***** Given data *****
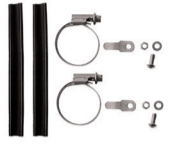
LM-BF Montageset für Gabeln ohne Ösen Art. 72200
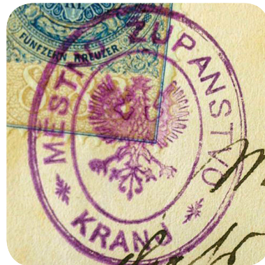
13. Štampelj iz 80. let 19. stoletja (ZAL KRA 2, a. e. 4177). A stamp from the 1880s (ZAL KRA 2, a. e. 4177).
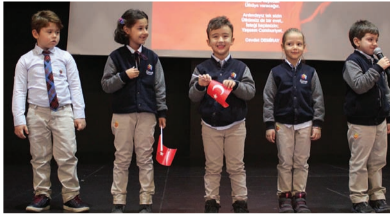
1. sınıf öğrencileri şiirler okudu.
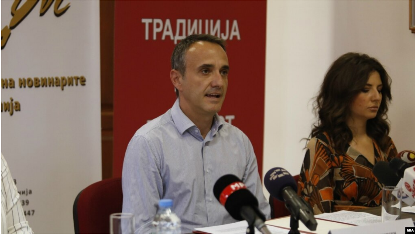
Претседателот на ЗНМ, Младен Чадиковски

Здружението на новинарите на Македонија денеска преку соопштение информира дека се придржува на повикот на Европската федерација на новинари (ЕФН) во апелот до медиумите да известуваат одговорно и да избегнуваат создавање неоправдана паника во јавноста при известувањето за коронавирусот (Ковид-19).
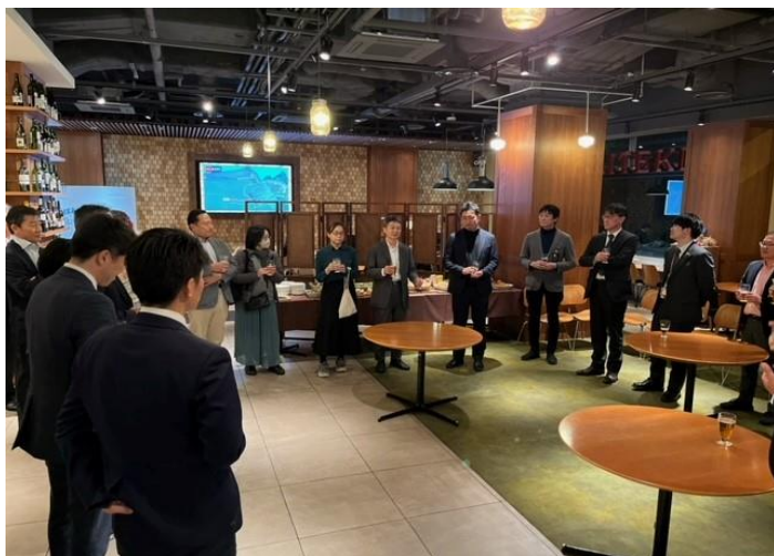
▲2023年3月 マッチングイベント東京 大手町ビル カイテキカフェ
*****
***** Given data *****
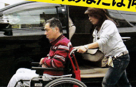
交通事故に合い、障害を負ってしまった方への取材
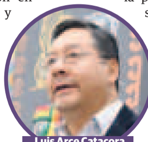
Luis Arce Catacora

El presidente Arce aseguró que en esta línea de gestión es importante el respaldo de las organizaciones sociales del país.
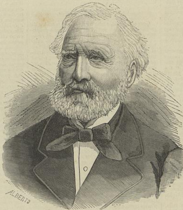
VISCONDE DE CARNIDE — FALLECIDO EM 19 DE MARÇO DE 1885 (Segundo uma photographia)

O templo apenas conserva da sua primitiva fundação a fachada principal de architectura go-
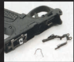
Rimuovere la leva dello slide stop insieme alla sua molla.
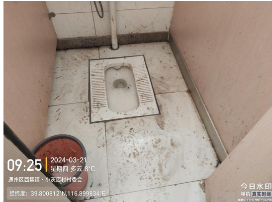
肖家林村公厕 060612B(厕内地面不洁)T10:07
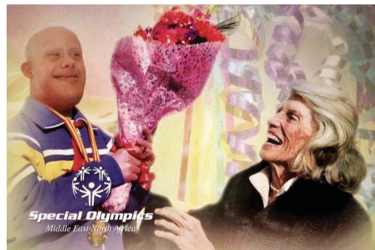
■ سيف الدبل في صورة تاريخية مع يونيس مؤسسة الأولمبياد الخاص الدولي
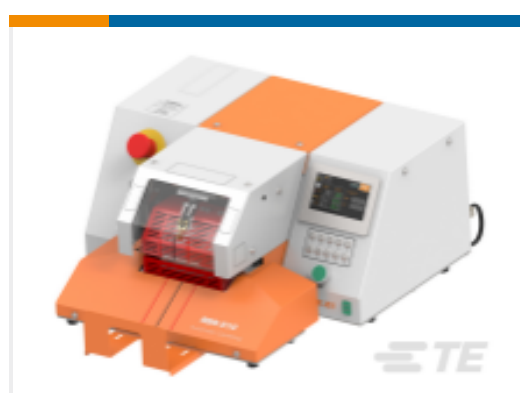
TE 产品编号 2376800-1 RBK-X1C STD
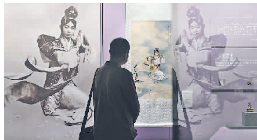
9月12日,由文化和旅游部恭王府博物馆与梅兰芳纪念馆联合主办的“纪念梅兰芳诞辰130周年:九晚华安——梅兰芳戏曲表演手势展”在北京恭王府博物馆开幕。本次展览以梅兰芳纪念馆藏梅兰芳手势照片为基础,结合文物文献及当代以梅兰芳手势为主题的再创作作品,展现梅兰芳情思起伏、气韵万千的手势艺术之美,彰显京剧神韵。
*****
***** Given data *****
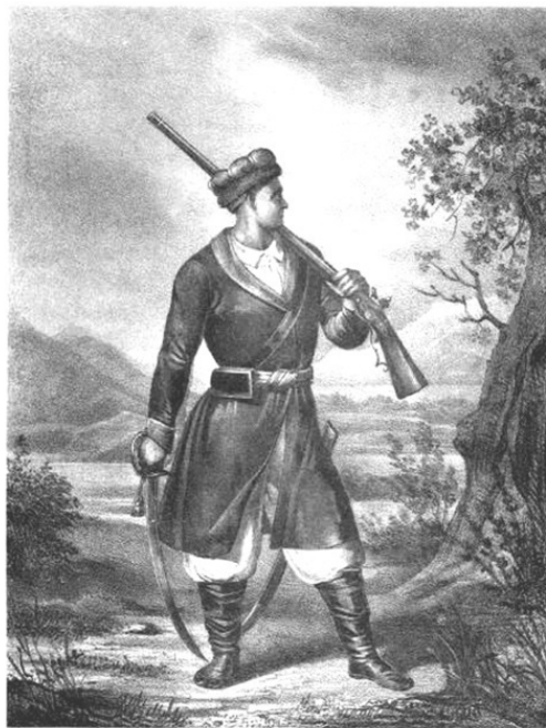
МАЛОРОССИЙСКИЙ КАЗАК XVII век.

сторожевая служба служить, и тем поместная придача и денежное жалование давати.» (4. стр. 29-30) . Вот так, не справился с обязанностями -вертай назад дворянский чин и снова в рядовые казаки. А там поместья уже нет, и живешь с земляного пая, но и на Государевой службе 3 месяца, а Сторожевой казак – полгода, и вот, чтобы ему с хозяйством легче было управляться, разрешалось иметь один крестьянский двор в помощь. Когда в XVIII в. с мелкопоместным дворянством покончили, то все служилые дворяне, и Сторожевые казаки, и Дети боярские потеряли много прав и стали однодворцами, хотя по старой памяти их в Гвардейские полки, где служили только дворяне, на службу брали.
*****
Starting at the line that contains "TE 产品编号 2376800-1 RBK-X1C STD" and ending at the line that contains "9月12日,由文化和旅游部恭", transcribe the material above exactly, excluding pictures.

* [Answer box]
TE 产品编号 2376800-1 RBK-X1C STD
9月12日,由文化和旅游部恭王府博物馆与梅兰芳纪念馆联合主办的“纪念梅兰芳诞辰130周年:九晚华安——梅兰芳戏曲表演手势展”在北京恭王府博物馆开幕。本次展览以梅兰芳纪念馆藏梅兰芳手势照片为基础,结合文物文献及当代以梅兰芳手势为主题的再创作作品,展现梅兰芳情思起伏、气韵万千的手势艺术之美,彰显京剧神韵。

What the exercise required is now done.